All these techniques are narrative skills that Dickens possesses in abundance, that contrive to keep the story moving, that deliver a sense of something shapely and well constructed (though he doesn’t hesitate to resort to absurd coincidence when he is in a tight spot). But they are the sort of manipulations that, I would suggest, manifest themselves in the day to day business of writing and plotting the monthly numbers. The component parts — the whirring cogs, the levers and the pulleys — are all functioning welclass="underline" it is only the grand design of the machine that is flawed.

Not that this unduly matters, I repeat. The poet and critic Craig Raine suggests, quite rightly I believe, that “finally, we read Dickens for his brilliant detail.” Detail like this, for example: “his fingers, clogged with brilliant rings, were as unwieldy as summer flies but newly rescued from a honey pot.” This is masterfully done, not simply in terms of the visual analogue provided — one knows exactly the degree of vulgar flashiness we are dealing with — but also for its undertones, of “flies round a honey pot,” of the element of corruption — there is something candidly disgusting about this image. The fact that the simile is applied to Tigg Montague in his newfound glory makes it all the more apt. And the fact too that this is but one image in a marvellously burnished paragraph devoted to a description of Montague Tigg turned Tigg Montague is further evidence of Dickens’s prodigality.

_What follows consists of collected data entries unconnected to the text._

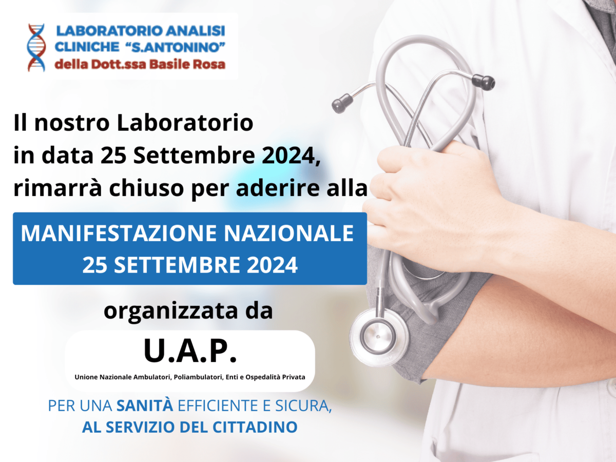 Il nostro Laboratorio in data 25 Settembre 2024, rimarrà chiuso per aderire alla MANIFESTAZIONE NAZIONALE 25 SETTEMBRE 2024, organizzata da U.A.P. (Unione Nazionale Ambulatori, Poliambulatori, Enti e Ospedalità) privata PER UNA SANITÀ EFFICIENTE E SICURA, AL SERVIZIO DEL CITTADINO.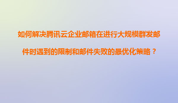 2025-11-11如何解决腾讯云企业邮箱在进行大规模群发邮件时遇到的限制和邮件失败的最优化策略 问题背景与挑战 企业邮箱在日常业务运营中起到关键作用,尤其是大规模群发邮件(如营销推广、通知通告)的场景下。然而,由于...
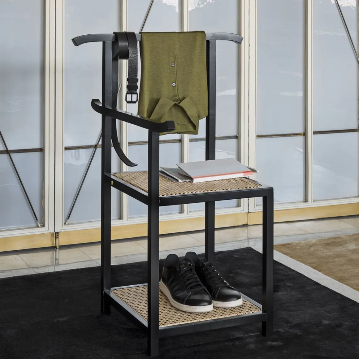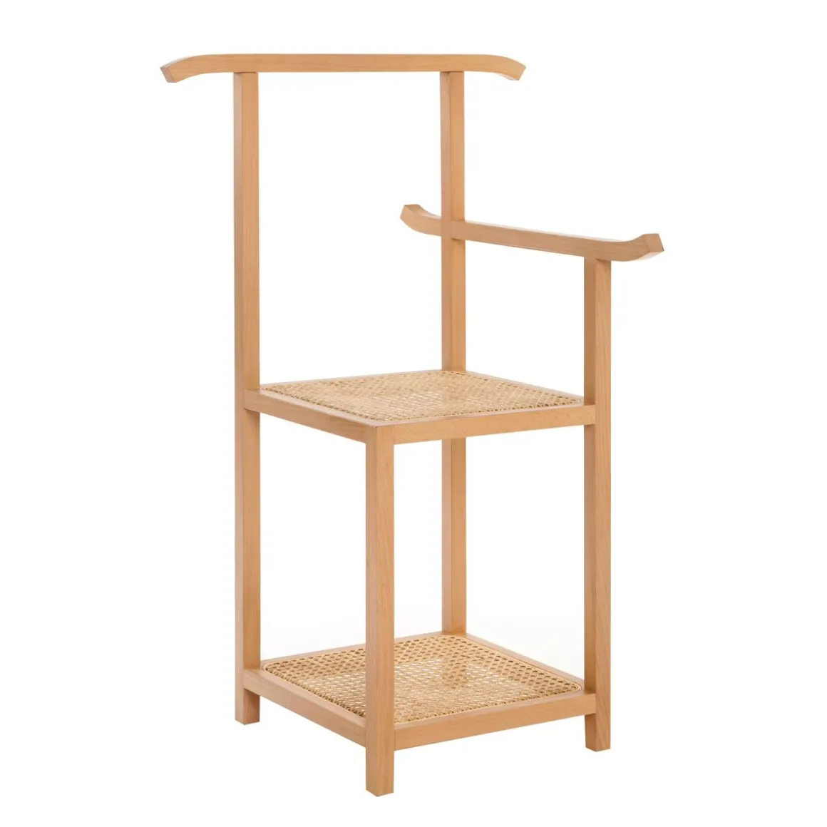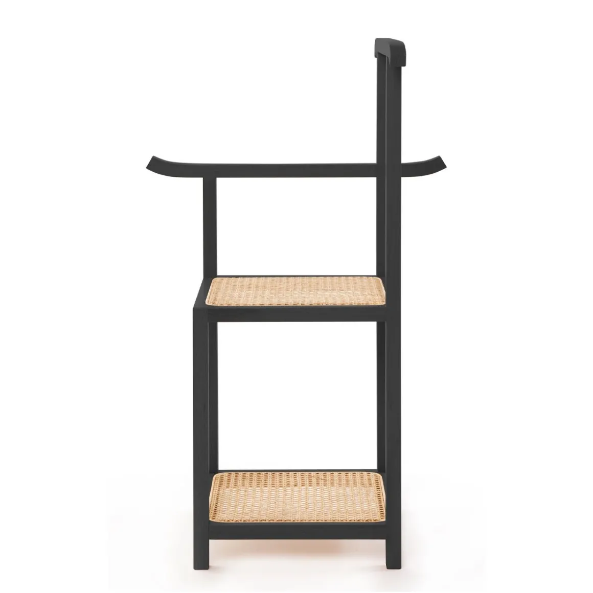 Designer originaire de Singapour, Nathan Yong signe une pièce au style minimaliste, avec des références orientales. Fonctionnel, ce meuble 2-en-1 fait office de valet et de chaise : pratique pour s’asseoir afin d’enfiler ses chaussures ! L’étagère située sous l’assise permet de ranger vos sacs et souliers. Le dossier et l’accoudoir servent de cintres pour suspendre vos vêtements ou serviettes. Majordome trouve sa place dans une chambre ou une salle de bains. Majordomo se compose d’une structure en frêne hêtre massif à section carrée. L’assise et l’étagère sont en cannage de paille naturelle.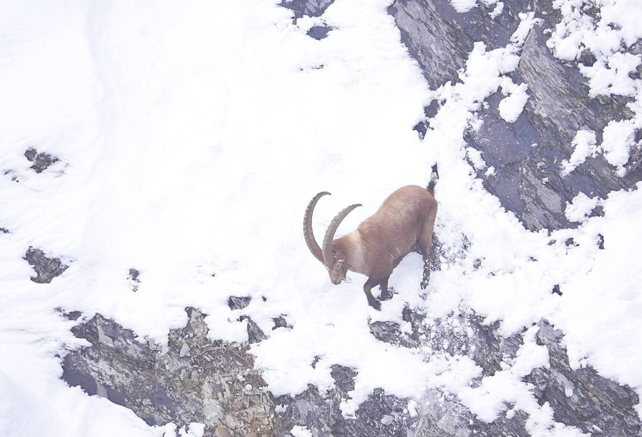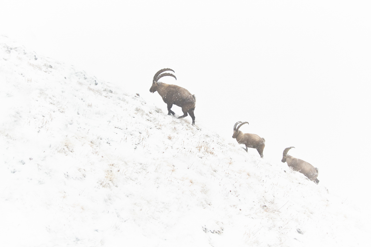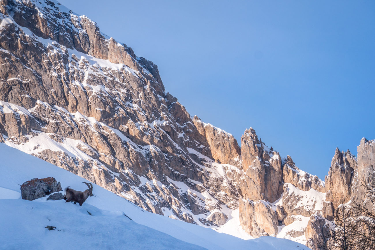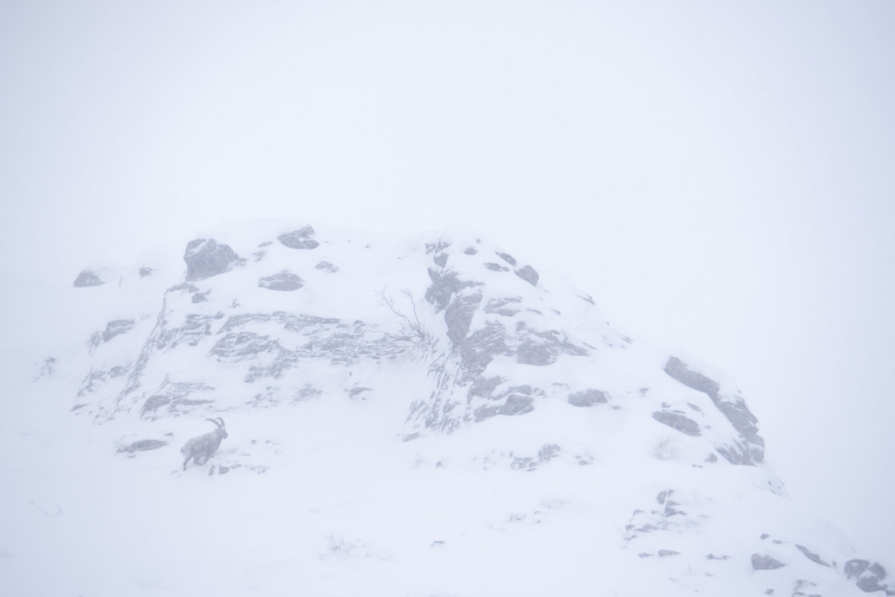 Évidemment la priorité pour les bouquetins dans ces conditions hivernales était avant tout de se nourrir mais l’ambiance était vraiment époustouflante.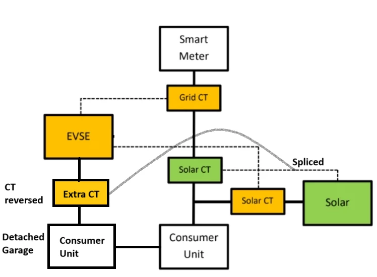 wired downstream of the Solar/Batter CT clamp from the Consumer Unit so it sees (monitors) the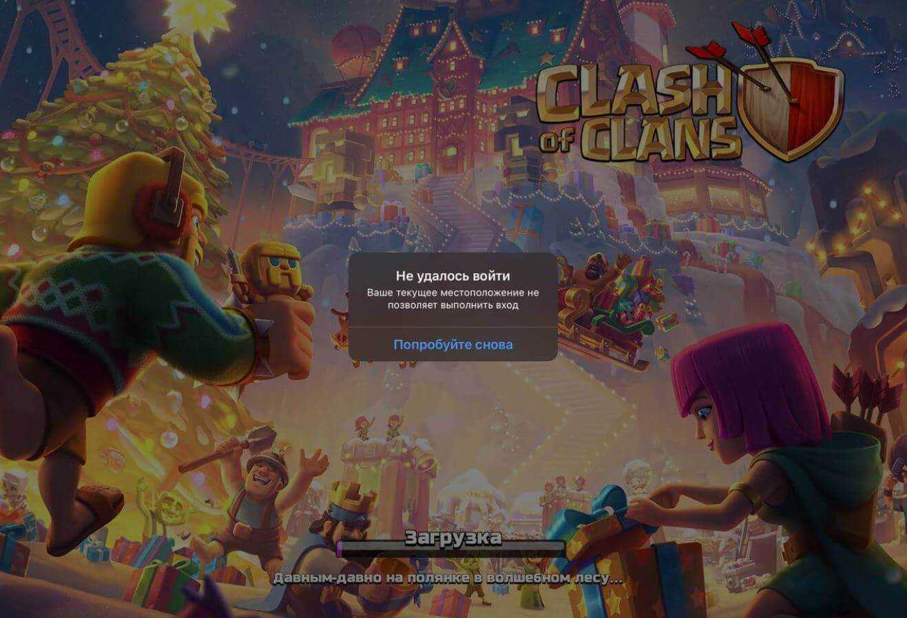 - Если вы случайно зашли в игру и увидели, что Clash of Clans пишет «Не удалось войти. Ваше текущее местоположение не позволяет выполнить вход», выйдите из нее и подождите некоторое время прежде чем входить с VPN.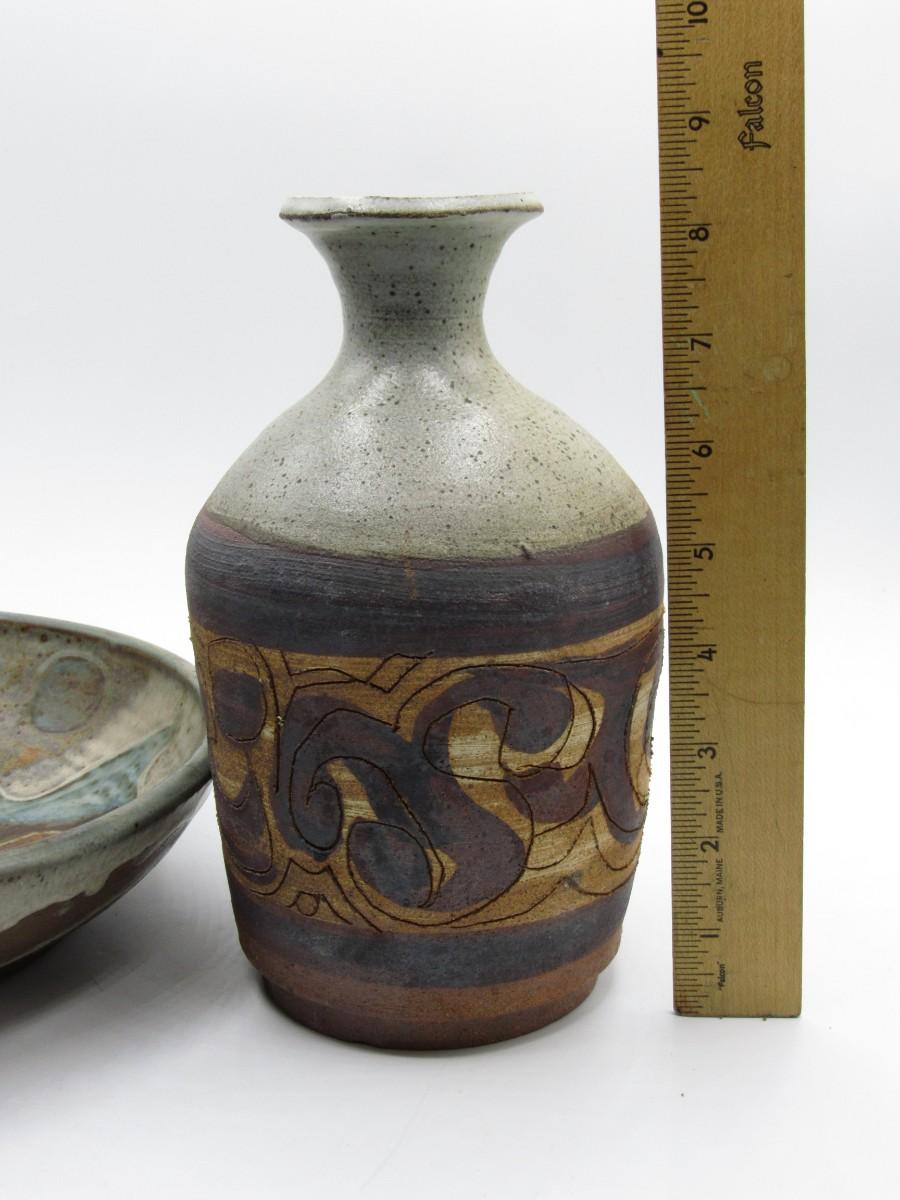 Vintage Primitive Handmade Pottery Art Pitcher Jug with Matching Washing Dish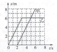 8. 如图所示是在同一位置开始同向运动的甲、乙两物体路程 $ s $ 与时间 $ t $ 的关系图像,下列说法正确的是(
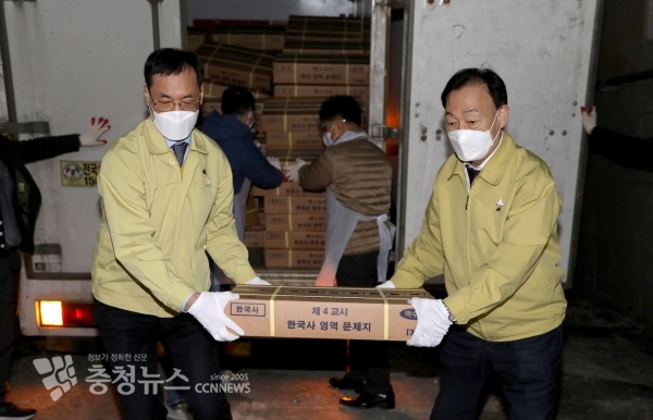 설동호 교육감을 비롯한 교육청 직원들은 수능 문답지를 보관 장소로 안전하게 운반했다.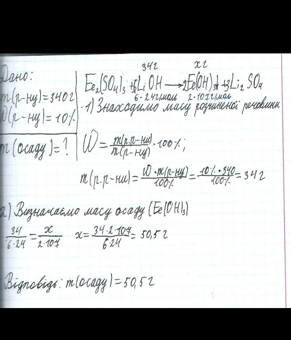 2. Яка маса осаду утвориться в результаті взаємодії розчину ферум(ІІІ) сульфату із 340 г 10 % розчину літій гідроксиду?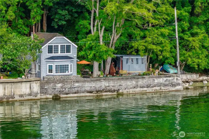 An extraordinary waterfront retreat. Rare no-bank waterfront offering in Normandy Park—one of the last remaining communities in King County where deeded access allows you to drive across the beach to your home from Des Moines Marina Park. Featuring approximately 90’ of Puget Sound shoreline plus deeded tidelands, this private Sound and mountain view property offers iconic sunsets and a truly unmatched coastal lifestyle. Buoy a boat all summer, drop crab pots, explore tide pools, or enjoy daily beach walks while watching local wildlife. This approx. 1,000 sq ft 1-bedroom residence with office is thoughtfully updated with new windows, plumbing, electrical, HVAC, and a reimagined kitchen with quartz countertops, custom cabinetry, double oven, and dishwasher. Updated bath. The inviting living area with electric fireplace adds warmth, while an oversized bay window frames sweeping water views. Enjoy deeded drive-on beach access, a private walk-in trail directly to the home, and a boat storage shed. Walk the shoreline to the Des Moines Saturday Market, Anthony’s, and nearby waterfront dining. A rare opportunity to embrace the adventure, serenity, and exclusivity of true Puget Sound beachfront living.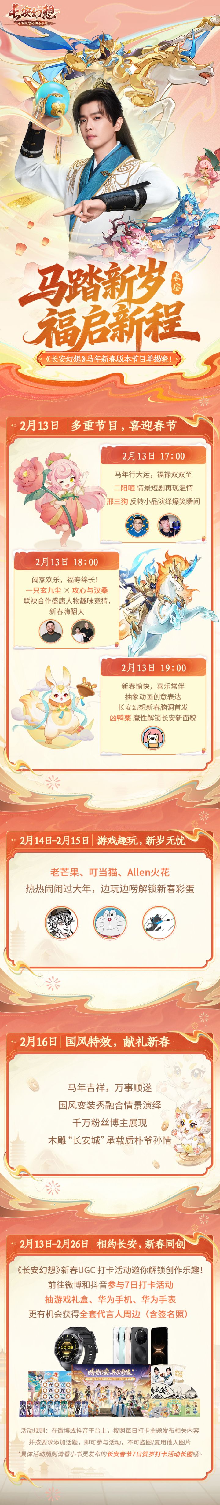 御灵师们,久等了!《长安幻想》新春盛宴——马年春节大服火爆开启!同时开启《长安幻想》新春会!超强阵容,多重节目,陪你嗨翻春节!✨ 抢先剧透今日高能看点:温情 & 爆笑齐飞! “二阳咂”情景短剧再现暖心瞬间,“邢三狗”反转小品引爆笑点!三人智斗对决! “一只玄九尘”携手“攻心与汉桑”盛唐人物趣味竞猜嗨翻天!脑洞创意首发! “凶鸭栗”魔性解锁长安新面貌,抽象动画开启奇幻脑洞!📅 后续精彩持续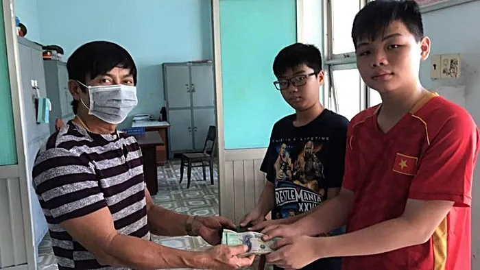 Trước đó, sáng 18-3, hai học sinh Nguyễn Đăng Khoa (lớp 8A7, Trường THCS Nguyễn Trãi, Phan Thiết) và Trần Hữu Trọng (lớp 8A8, Trường THCS Nguyễn Du, Phan Thiết) đều ngụ phường Lạc Đạo, TP Phan Thiết nhặt được chiếc bóp, trong đó có hơn 30 triệu đồng cùng nhiều giấy tờ quan trọng.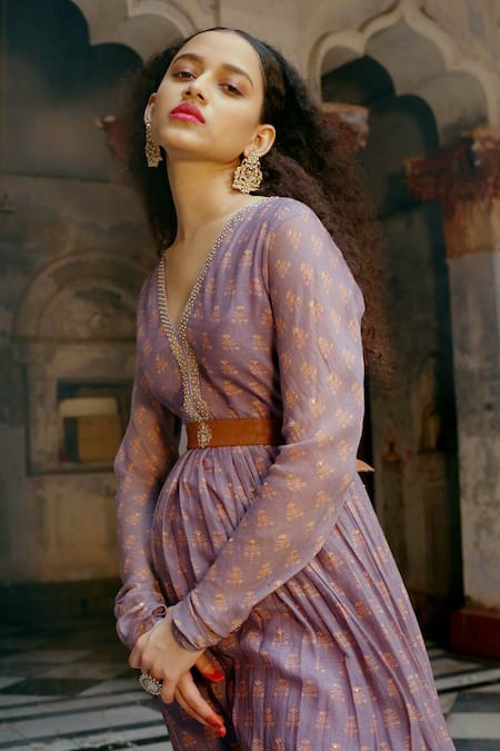 Buy_Chokhi Chorri_Purple Malai Chanderi V Neck Printed Maxi Dress With Belt _at_Aza_Fashions

A little later, in the extraordinary pages that make up our introduction to the Anglo-Bengalee Disinterested Loan and Life Assurance Company, we find this: “Look at the green ledgers with red backs, like strong cricket-balls beaten flat …” The strength and sheer originality of this simile almost draw you up short. A cricket-ball beaten flat? Something I doubt anyone has ever seen, but in the forcing jar of Dickens’s imagination it not only is readily visualized but it also provides a vision of these mighty ledgers that is perfectly precise.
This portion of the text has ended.